▶ **Task requirements**
Omit any picture, and return the remaining data exactly as written.

=== Source material ===

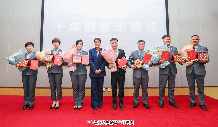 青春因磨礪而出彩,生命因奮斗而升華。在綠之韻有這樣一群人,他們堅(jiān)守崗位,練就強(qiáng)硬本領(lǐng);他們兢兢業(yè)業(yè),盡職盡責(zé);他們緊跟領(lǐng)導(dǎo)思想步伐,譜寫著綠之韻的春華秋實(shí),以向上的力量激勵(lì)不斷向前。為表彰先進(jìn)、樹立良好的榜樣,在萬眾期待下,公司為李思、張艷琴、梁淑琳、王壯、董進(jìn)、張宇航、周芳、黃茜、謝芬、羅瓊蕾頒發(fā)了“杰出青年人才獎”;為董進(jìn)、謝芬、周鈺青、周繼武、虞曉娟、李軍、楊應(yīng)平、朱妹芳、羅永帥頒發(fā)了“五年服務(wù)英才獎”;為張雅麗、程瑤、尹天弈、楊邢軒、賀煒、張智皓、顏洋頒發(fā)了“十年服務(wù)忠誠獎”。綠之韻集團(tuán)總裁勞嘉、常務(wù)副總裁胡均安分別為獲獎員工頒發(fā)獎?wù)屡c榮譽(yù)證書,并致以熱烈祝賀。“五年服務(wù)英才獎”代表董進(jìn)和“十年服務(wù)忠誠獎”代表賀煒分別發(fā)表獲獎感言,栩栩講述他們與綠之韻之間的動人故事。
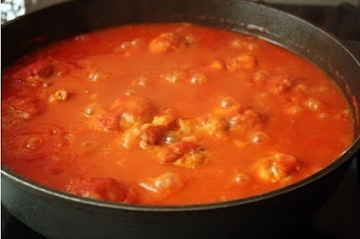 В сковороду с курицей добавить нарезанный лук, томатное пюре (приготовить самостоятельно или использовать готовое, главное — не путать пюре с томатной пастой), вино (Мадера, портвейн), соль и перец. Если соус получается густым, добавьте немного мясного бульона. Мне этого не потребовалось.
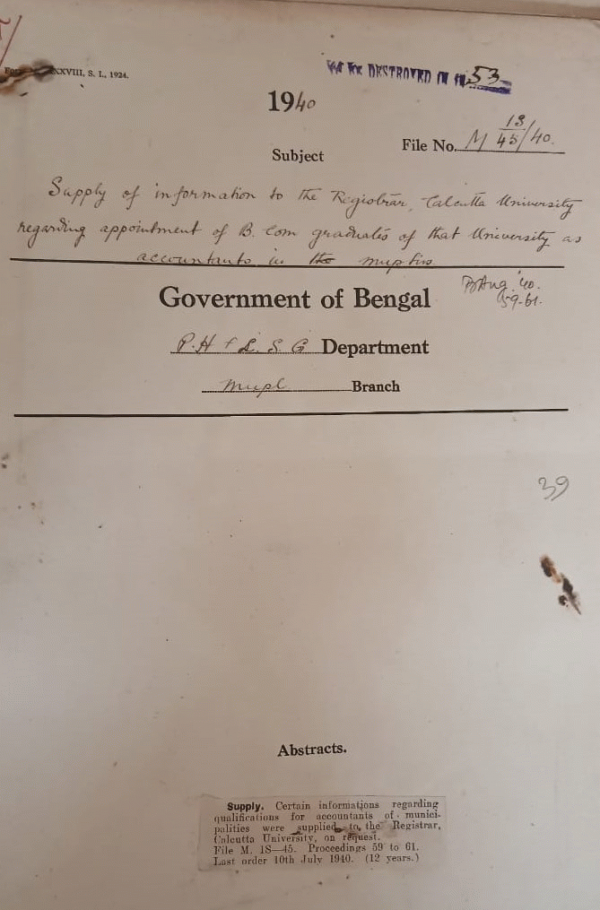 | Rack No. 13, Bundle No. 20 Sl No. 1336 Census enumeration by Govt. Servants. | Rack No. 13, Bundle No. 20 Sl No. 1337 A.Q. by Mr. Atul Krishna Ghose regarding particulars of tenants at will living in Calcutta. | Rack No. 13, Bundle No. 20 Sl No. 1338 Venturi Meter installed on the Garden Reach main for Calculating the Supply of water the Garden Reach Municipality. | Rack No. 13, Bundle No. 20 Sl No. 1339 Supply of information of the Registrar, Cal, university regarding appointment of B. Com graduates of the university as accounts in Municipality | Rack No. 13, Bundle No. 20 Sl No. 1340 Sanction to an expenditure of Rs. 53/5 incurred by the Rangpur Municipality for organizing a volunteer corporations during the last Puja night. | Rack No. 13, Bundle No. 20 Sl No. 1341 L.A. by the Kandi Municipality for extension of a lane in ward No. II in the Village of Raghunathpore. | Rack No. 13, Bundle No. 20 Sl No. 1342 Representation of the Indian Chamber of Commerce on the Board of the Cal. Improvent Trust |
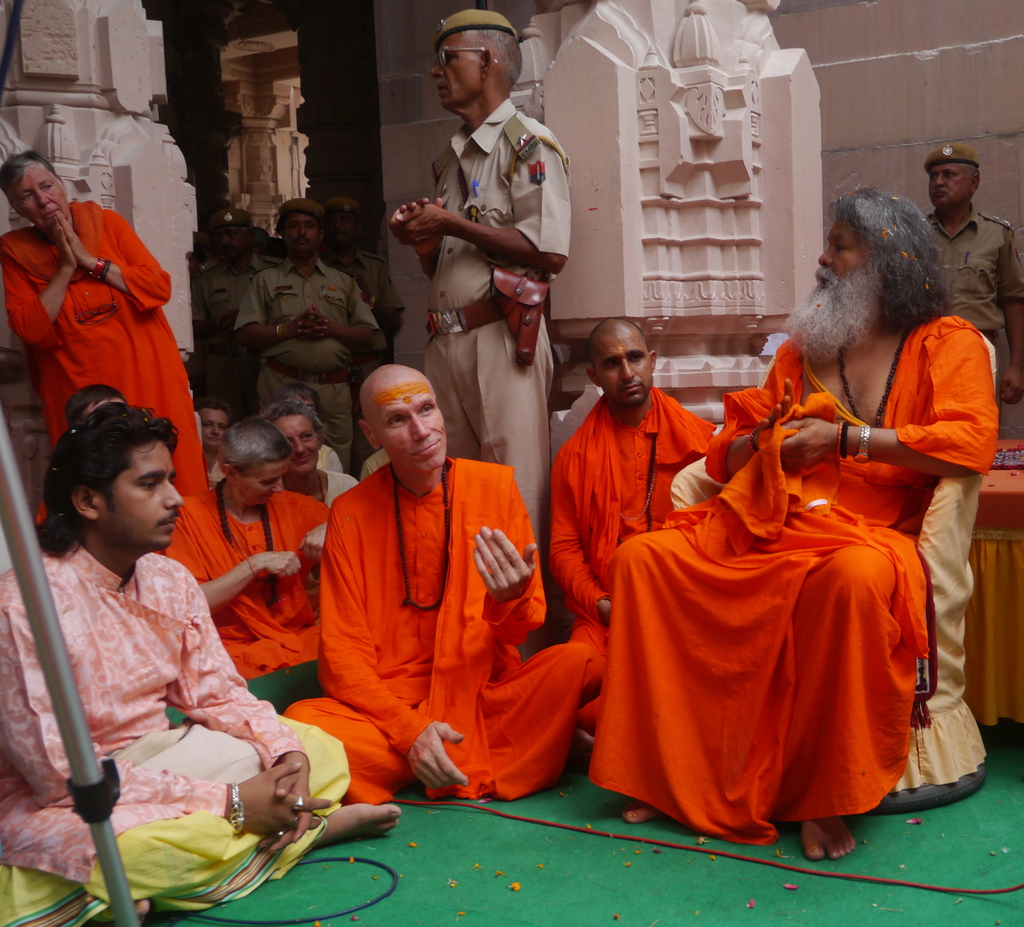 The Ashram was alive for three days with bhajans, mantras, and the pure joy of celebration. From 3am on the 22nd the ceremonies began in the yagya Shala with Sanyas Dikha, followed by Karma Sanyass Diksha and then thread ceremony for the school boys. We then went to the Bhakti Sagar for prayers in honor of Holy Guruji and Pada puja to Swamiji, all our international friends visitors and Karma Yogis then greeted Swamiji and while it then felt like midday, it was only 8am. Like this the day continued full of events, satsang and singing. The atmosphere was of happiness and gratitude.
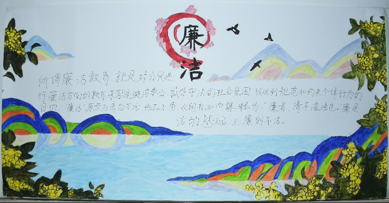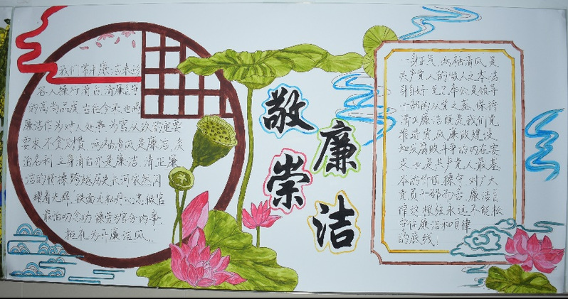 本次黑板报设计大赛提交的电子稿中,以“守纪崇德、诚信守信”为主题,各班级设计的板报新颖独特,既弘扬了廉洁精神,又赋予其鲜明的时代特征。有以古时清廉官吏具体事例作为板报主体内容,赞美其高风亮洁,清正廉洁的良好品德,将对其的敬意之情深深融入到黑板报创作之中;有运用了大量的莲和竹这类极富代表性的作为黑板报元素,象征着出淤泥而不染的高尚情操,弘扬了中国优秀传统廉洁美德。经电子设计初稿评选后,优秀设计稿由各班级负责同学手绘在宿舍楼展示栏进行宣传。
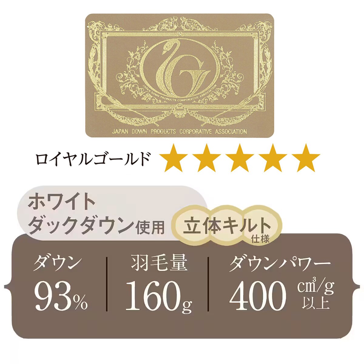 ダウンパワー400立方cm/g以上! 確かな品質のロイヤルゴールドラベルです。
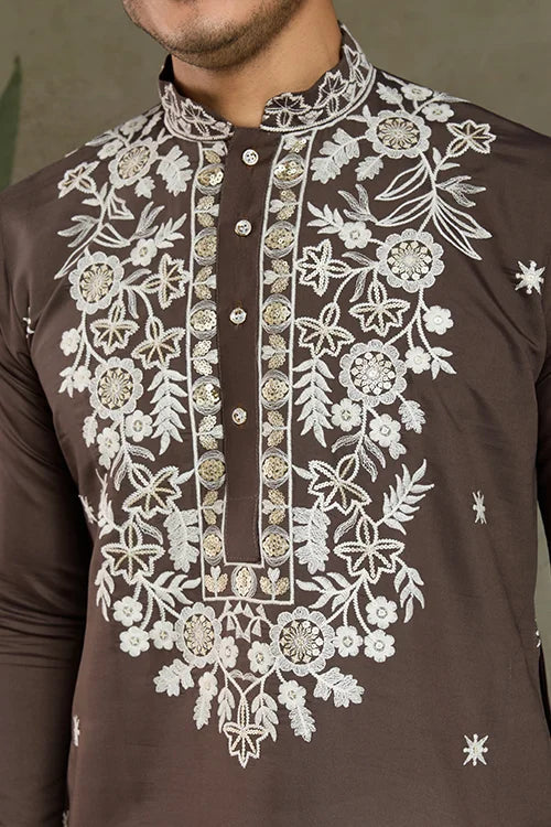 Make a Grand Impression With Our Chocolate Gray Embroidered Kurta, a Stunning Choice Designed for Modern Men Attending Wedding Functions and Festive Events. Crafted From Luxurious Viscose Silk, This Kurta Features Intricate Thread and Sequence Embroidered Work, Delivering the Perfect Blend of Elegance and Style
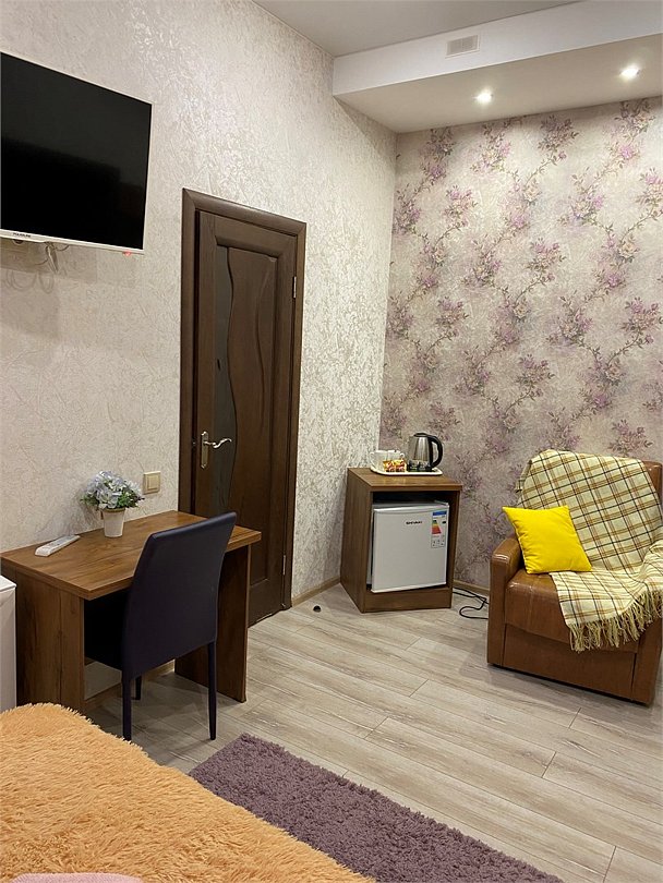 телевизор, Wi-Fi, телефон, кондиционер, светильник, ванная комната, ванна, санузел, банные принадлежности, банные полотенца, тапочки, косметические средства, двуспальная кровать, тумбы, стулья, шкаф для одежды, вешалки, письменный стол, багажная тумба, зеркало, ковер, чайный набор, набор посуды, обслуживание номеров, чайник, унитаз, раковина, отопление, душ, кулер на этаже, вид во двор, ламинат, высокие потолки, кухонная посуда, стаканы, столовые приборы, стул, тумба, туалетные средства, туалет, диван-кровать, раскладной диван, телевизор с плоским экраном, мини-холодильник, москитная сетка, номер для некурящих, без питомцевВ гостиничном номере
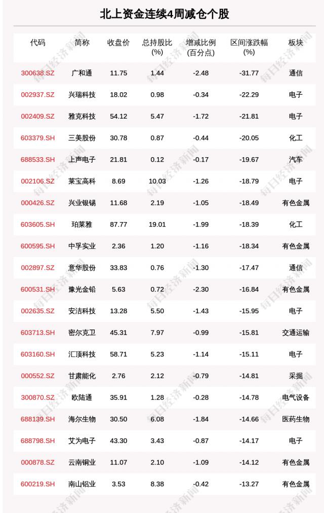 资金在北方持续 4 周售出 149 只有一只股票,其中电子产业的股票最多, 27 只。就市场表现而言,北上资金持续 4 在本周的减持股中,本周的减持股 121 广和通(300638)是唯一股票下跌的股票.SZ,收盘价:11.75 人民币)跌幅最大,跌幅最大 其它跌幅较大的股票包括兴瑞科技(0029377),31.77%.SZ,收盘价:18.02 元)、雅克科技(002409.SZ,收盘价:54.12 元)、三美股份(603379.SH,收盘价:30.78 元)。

===

▶ **Response**
 青春因磨礪而出彩,生命因奮斗而升華。在綠之韻有這樣一群人,他們堅(jiān)守崗位,練就強(qiáng)硬本領(lǐng);他們兢兢業(yè)業(yè),盡職盡責(zé);他們緊跟領(lǐng)導(dǎo)思想步伐,譜寫著綠之韻的春華秋實(shí),以向上的力量激勵(lì)不斷向前。為表彰先進(jìn)、樹立良好的榜樣,在萬眾期待下,公司為李思、張艷琴、梁淑琳、王壯、董進(jìn)、張宇航、周芳、黃茜、謝芬、羅瓊蕾頒發(fā)了“杰出青年人才獎”;為董進(jìn)、謝芬、周鈺青、周繼武、虞曉娟、李軍、楊應(yīng)平、朱妹芳、羅永帥頒發(fā)了“五年服務(wù)英才獎”;為張雅麗、程瑤、尹天弈、楊邢軒、賀煒、張智皓、顏洋頒發(fā)了“十年服務(wù)忠誠獎”。綠之韻集團(tuán)總裁勞嘉、常務(wù)副總裁胡均安分別為獲獎員工頒發(fā)獎?wù)屡c榮譽(yù)證書,并致以熱烈祝賀。“五年服務(wù)英才獎”代表董進(jìn)和“十年服務(wù)忠誠獎”代表賀煒分別發(fā)表獲獎感言,栩栩講述他們與綠之韻之間的動人故事。
 В сковороду с курицей добавить нарезанный лук, томатное пюре (приготовить самостоятельно или использовать готовое, главное — не путать пюре с томатной пастой), вино (Мадера, портвейн), соль и перец. Если соус получается густым, добавьте немного мясного бульона. Мне этого не потребовалось.
 | Rack No. 13, Bundle No. 20 Sl No. 1336 Census enumeration by Govt. Servants. | Rack No. 13, Bundle No. 20 Sl No. 1337 A.Q. by Mr. Atul Krishna Ghose regarding particulars of tenants at will living in Calcutta. | Rack No. 13, Bundle No. 20 Sl No. 1338 Venturi Meter installed on the Garden Reach main for Calculating the Supply of water the Garden Reach Municipality. | Rack No. 13, Bundle No. 20 Sl No. 1339 Supply of information of the Registrar, Cal, university regarding appointment of B. Com graduates of the university as accounts in Municipality | Rack No. 13, Bundle No. 20 Sl No. 1340 Sanction to an expenditure of Rs. 53/5 incurred by the Rangpur Municipality for organizing a volunteer corporations during the last Puja night. | Rack No. 13, Bundle No. 20 Sl No. 1341 L.A. by the Kandi Municipality for extension of a lane in ward No. II in the Village of Raghunathpore. | Rack No. 13, Bundle No. 20 Sl No. 1342 Representation of the Indian Chamber of Commerce on the Board of the Cal. Improvent Trust |
 The Ashram was alive for three days with bhajans, mantras, and the pure joy of celebration. From 3am on the 22nd the ceremonies began in the yagya Shala with Sanyas Dikha, followed by Karma Sanyass Diksha and then thread ceremony for the school boys. We then went to the Bhakti Sagar for prayers in honor of Holy Guruji and Pada puja to Swamiji, all our international friends visitors and Karma Yogis then greeted Swamiji and while it then felt like midday, it was only 8am. Like this the day continued full of events, satsang and singing. The atmosphere was of happiness and gratitude.
 本次黑板报设计大赛提交的电子稿中,以“守纪崇德、诚信守信”为主题,各班级设计的板报新颖独特,既弘扬了廉洁精神,又赋予其鲜明的时代特征。有以古时清廉官吏具体事例作为板报主体内容,赞美其高风亮洁,清正廉洁的良好品德,将对其的敬意之情深深融入到黑板报创作之中;有运用了大量的莲和竹这类极富代表性的作为黑板报元素,象征着出淤泥而不染的高尚情操,弘扬了中国优秀传统廉洁美德。经电子设计初稿评选后,优秀设计稿由各班级负责同学手绘在宿舍楼展示栏进行宣传。
 ダウンパワー400立方cm/g以上! 確かな品質のロイヤルゴールドラベルです。
 Make a Grand Impression With Our Chocolate Gray Embroidered Kurta, a Stunning Choice Designed for Modern Men Attending Wedding Functions and Festive Events. Crafted From Luxurious Viscose Silk, This Kurta Features Intricate Thread and Sequence Embroidered Work, Delivering the Perfect Blend of Elegance and Style
 телевизор, Wi-Fi, телефон, кондиционер, светильник, ванная комната, ванна, санузел, банные принадлежности, банные полотенца, тапочки, косметические средства, двуспальная кровать, тумбы, стулья, шкаф для одежды, вешалки, письменный стол, багажная тумба, зеркало, ковер, чайный набор, набор посуды, обслуживание номеров, чайник, унитаз, раковина, отопление, душ, кулер на этаже, вид во двор, ламинат, высокие потолки, кухонная посуда, стаканы, столовые приборы, стул, тумба, туалетные средства, туалет, диван-кровать, раскладной диван, телевизор с плоским экраном, мини-холодильник, москитная сетка, номер для некурящих, без питомцевВ гостиничном номере
 资金在北方持续 4 周售出 149 只有一只股票,其中电子产业的股票最多, 27 只。就市场表现而言,北上资金持续 4 在本周的减持股中,本周的减持股 121 广和通(300638)是唯一股票下跌的股票.SZ,收盘价:11.75 人民币)跌幅最大,跌幅最大 其它跌幅较大的股票包括兴瑞科技(0029377),31.77%.SZ,收盘价:18.02 元)、雅克科技(002409.SZ,收盘价:54.12 元)、三美股份(603379.SH,收盘价:30.78 元)。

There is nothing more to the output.